━━━━━ Supplied material
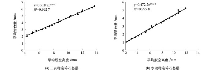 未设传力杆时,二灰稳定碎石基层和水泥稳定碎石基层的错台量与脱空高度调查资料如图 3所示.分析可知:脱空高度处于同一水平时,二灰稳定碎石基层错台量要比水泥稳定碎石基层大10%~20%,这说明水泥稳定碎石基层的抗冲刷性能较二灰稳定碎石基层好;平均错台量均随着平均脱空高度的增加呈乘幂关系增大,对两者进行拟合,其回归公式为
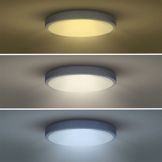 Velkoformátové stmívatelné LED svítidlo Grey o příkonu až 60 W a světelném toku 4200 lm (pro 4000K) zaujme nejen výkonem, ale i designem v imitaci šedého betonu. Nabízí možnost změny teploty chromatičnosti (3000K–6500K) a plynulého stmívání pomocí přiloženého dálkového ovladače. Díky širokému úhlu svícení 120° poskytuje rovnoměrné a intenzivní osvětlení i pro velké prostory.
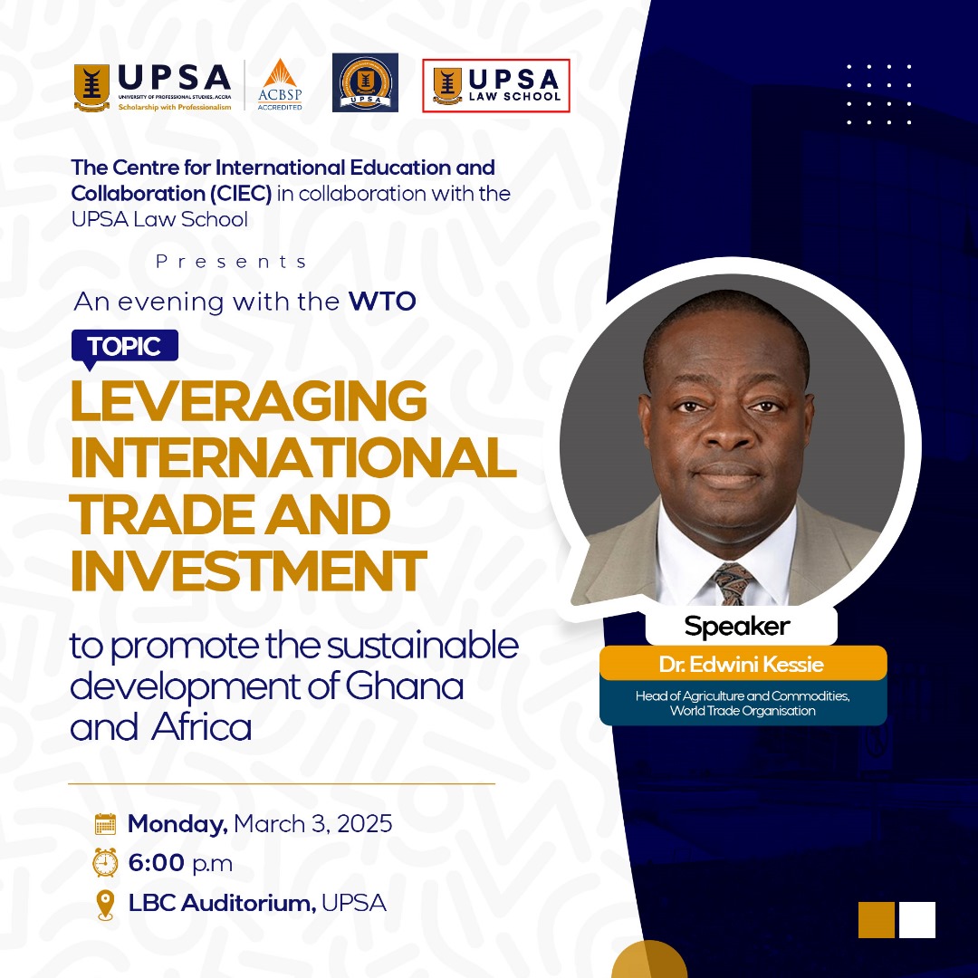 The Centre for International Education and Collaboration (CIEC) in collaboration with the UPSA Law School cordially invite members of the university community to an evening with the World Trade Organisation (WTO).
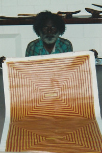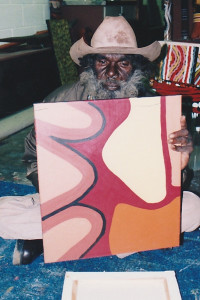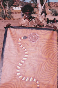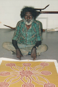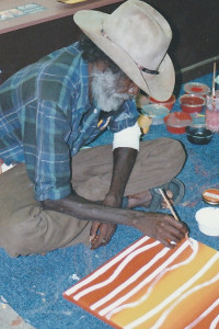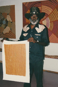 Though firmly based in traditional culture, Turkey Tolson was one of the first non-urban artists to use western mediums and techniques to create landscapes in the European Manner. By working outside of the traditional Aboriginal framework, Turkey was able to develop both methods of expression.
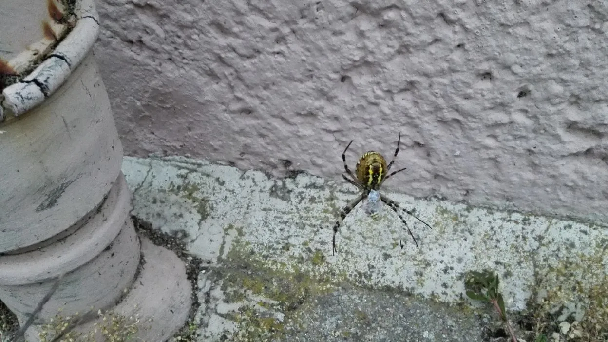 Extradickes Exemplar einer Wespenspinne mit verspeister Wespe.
━━━━━━━━━━
=== Exercise objective ===
Working from the line containing "Though firmly based" to the last line of the data, retype every line exactly, both ends included, and leave out all pictures.

=== Result of this task ===
 Though firmly based in traditional culture, Turkey Tolson was one of the first non-urban artists to use western mediums and techniques to create landscapes in the European Manner. By working outside of the traditional Aboriginal framework, Turkey was able to develop both methods of expression.
 Extradickes Exemplar einer Wespenspinne mit verspeister Wespe.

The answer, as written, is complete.